The nitrogen adsorption specific surface area _(N 2 SA) of carbon black is preferably 100 m ² / g or more, more preferably at least ^{105m 2 / g, 110m 2 /} g or more and more preferably, 130m ² / g or more is particularly preferable. If it is less than 100 m < ² > / g, there exists a tendency for wet grip performance to fall. The _N 2 SA is preferably 600 meters ² / g or less, more preferably 550 meters ² / g, more preferably not more than 530m ² / g. When it exceeds 600 m ² / g, good dispersion is difficult to obtain, and the wear resistance performance during dry-up tends to be reduced. In addition, the nitrogen adsorption specific surface area of carbon black is calculated | required based on JISK6217-2: 2001.

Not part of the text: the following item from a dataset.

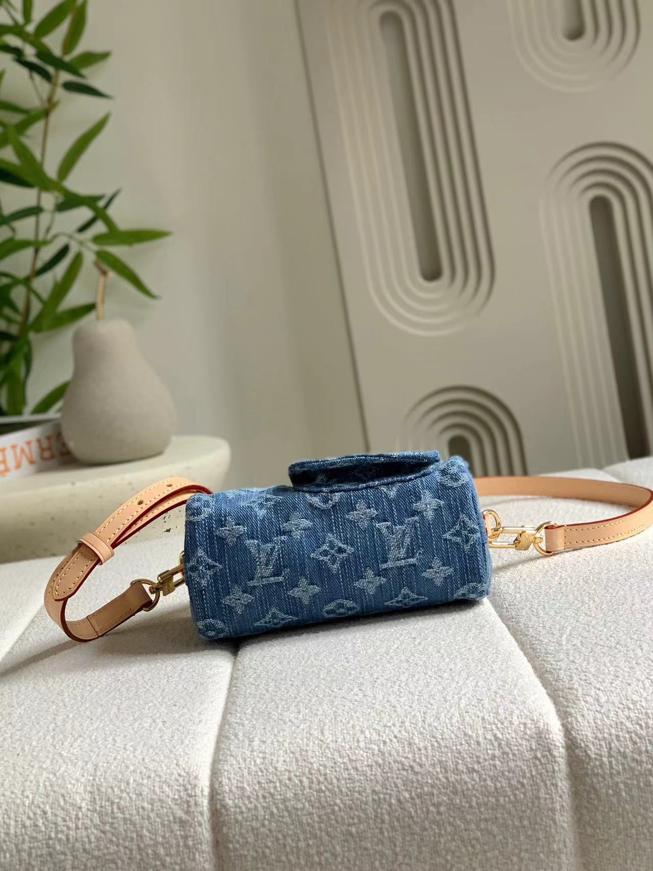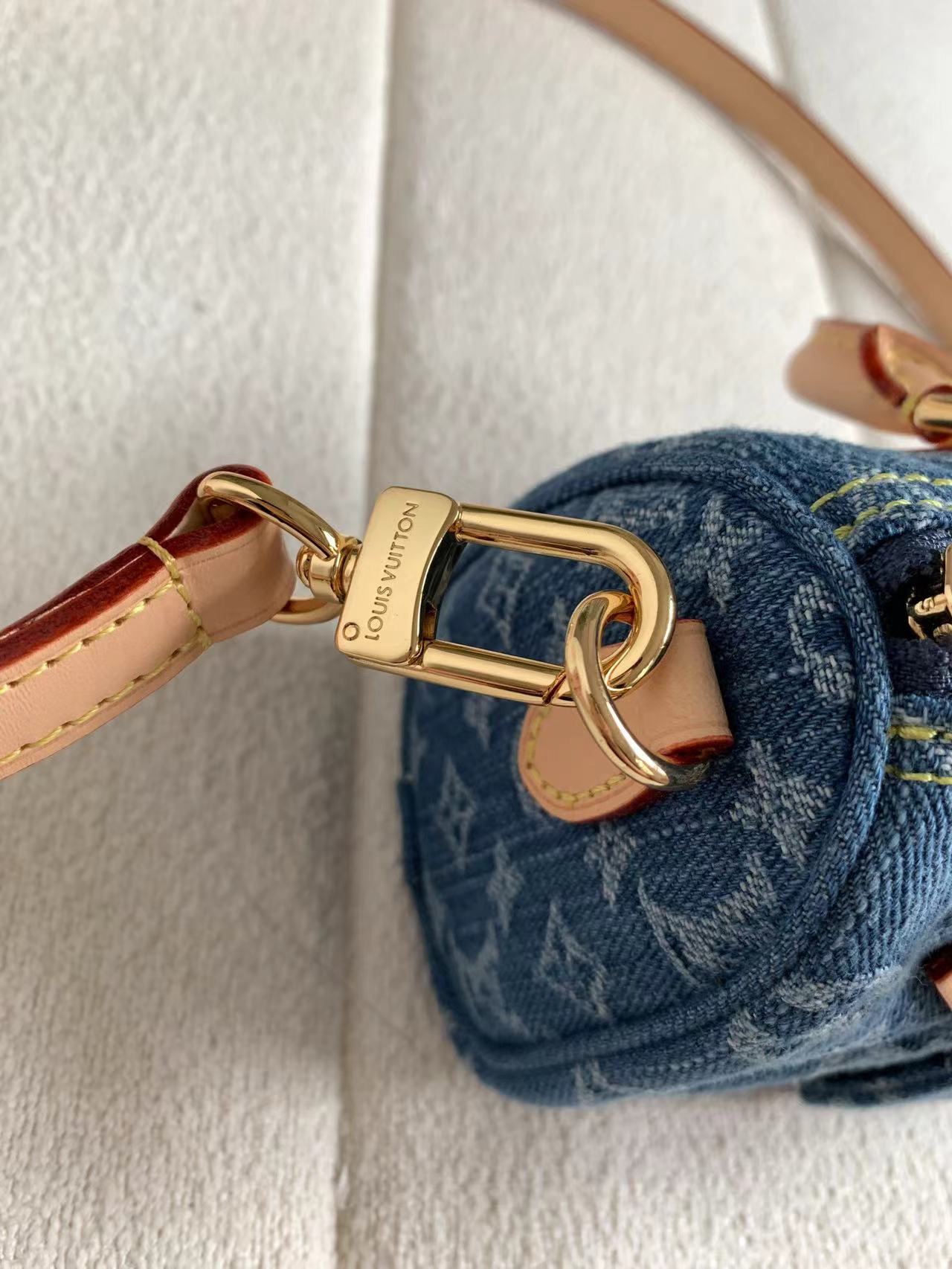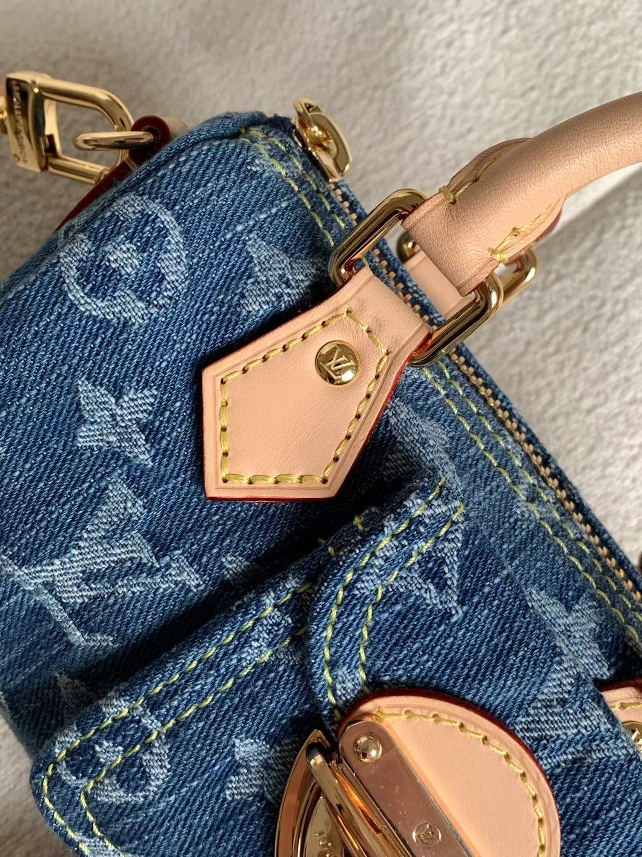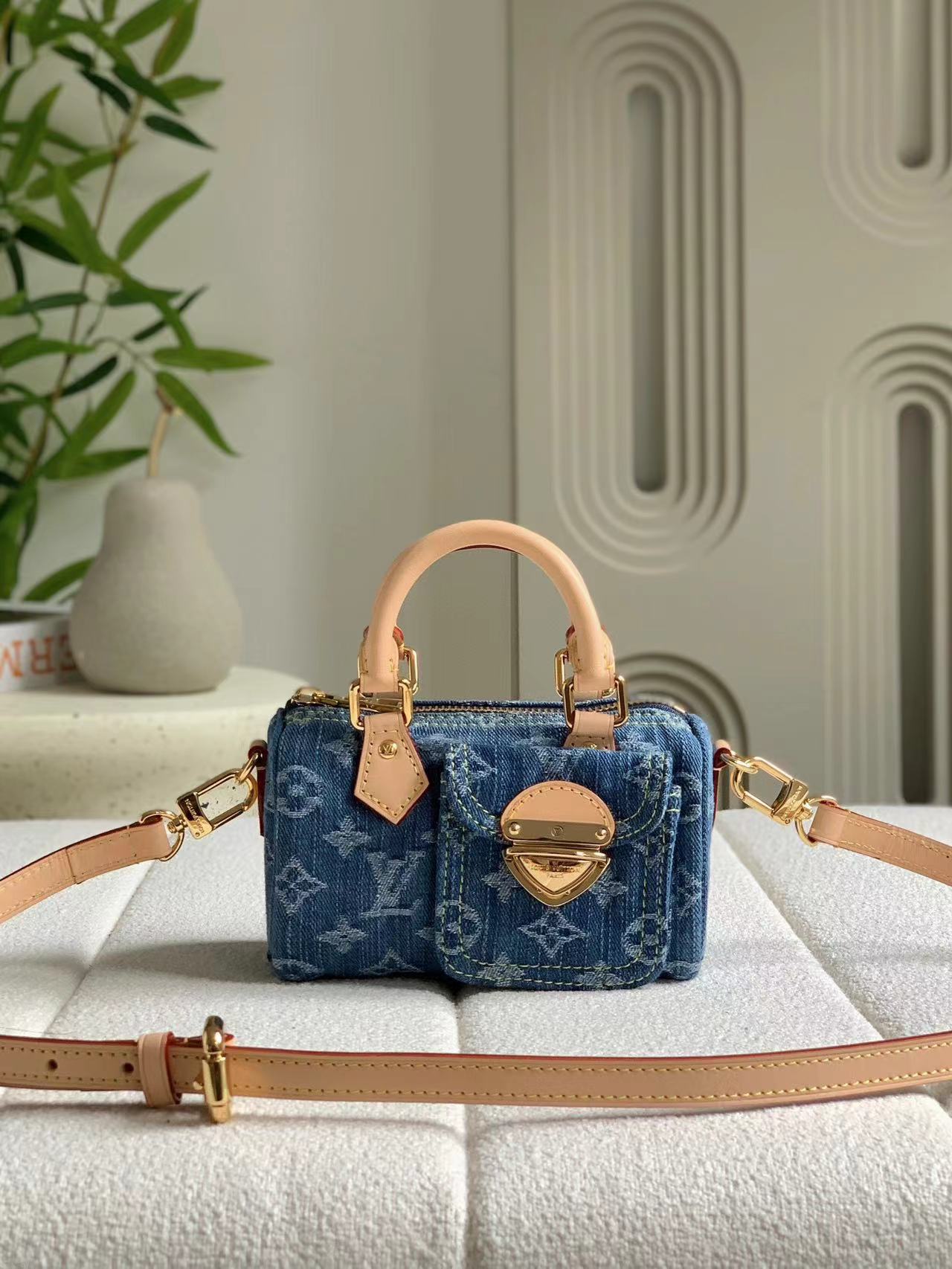 专柜新款M82950 本款 Nano Speedy手袋选用由认证棉织就的 Monogram Denim 砂洗帆布,搭配皮革手柄和可拆卸肩带。尺寸:16*10*7.5

Carbon black has a dibutyl phthalate (DBP) oil absorption of preferably 50 ml / 100 g or more, and more preferably 100 ml / 100 g or more. If it is less than 50 ml / 100 g, there is a possibility that sufficient wear resistance at the time of dry-up cannot be obtained. Further, the DBP of carbon black is preferably 250 ml / 100 g or less, more preferably 200 ml / 100 g or less, and further preferably 135 ml / 100 g or less. If it exceeds 250 ml / 100 g, the wet grip performance may be lowered. The DBP of carbon black is measured according to JIS K6217-4: 2001.

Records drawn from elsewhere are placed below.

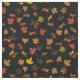 Dieses niedliche Gewebe zeichnet sich durch eine Vielzahl von Herbst- oder Herbstblättern aus, darunter Ahorn, Eiche und mehr auf schwarzem Hintergrund. Die Farben sind rot, orange, gold, braun und grün.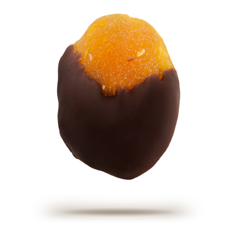 Dried apricots dipped in 55% cacao chocolate.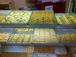 Baklava, a pastry comprising layers of filo with chopped nuts, sweetened and held together with syrup or honey
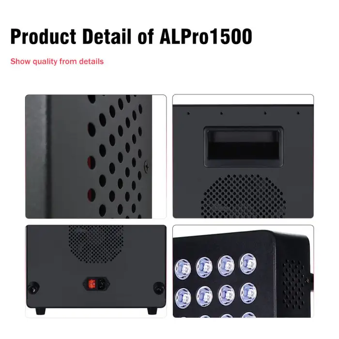 Key specifications include a model number of ALPro1500, an irradiance of over 190 mw/cm², multiple wavelengths (480nm, 630nm, 660nm, 810nm, 830nm, 850nm, 940nm), a power of 1500W, and a treatment area that covers the full body.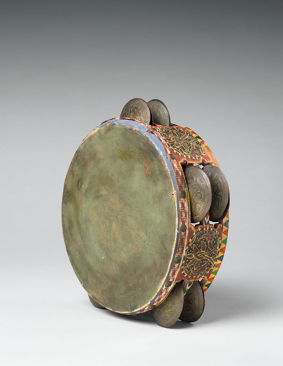 Description: Circular wood frame decorated in bright colors; skin, green stained and fastened with upholstery tacks; two pairs of embossed metal cymbals distributed in five windows spaced equidistantly around the frame's wall; a thumb rest on the inside.

Examples of the silica include dry method silica (anhydrous silica), wet method silica (hydrous silica), and the like. Of these, wet-process silica is preferred because it has many silanol groups.

The cetyltrimethylammonium bromide adsorption specific surface area (CTAB) of silica is preferably 100 to 300 m ² / g because good wet grip performance, wear resistance, and durability can be obtained. Moreover, it is preferable that the dibutyl phthalate oil absorption (DBP) of a silica is 150-300 mL / 100g for the same reason. In addition, the cetyltrimethylammonium bromide adsorption specific surface area of silica is a value measured according to ASTM D3765-80, and the dibutyl phthalate oil absorption is a value measured according to the method described in JIS K 6221 6.1.2 A method.

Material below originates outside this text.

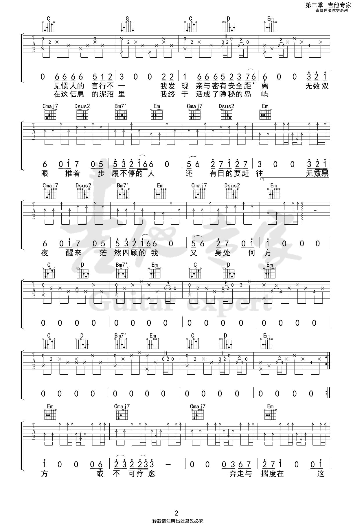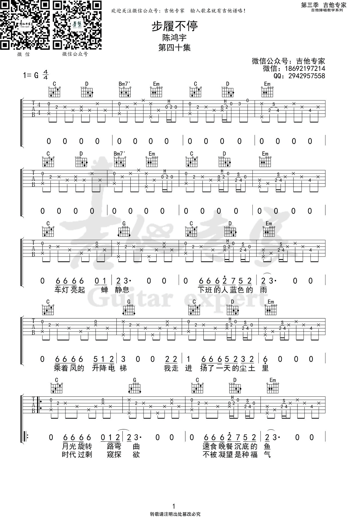 曲谱介绍: 陈鸿宇《步履不停》吉他弹唱谱,共有3张高清图谱。

In this invention, it is preferable to mix | blend the inorganic reinforcing agent represented by a following formula as a reinforcing agent from the point which improves wet grip performance and can improve the said performance balance notably.
kM ₁ · xSiO _y · zH ₂ O
(Wherein M ₁ is at least one metal selected from the group consisting of Al, Mg, Ti and Ca, an oxide or hydroxide of the metal, k is an integer of 1 to 5, and x is 0. 10 is an integer, y is an integer of 2 to 5, and z is an integer of 0 to 10.)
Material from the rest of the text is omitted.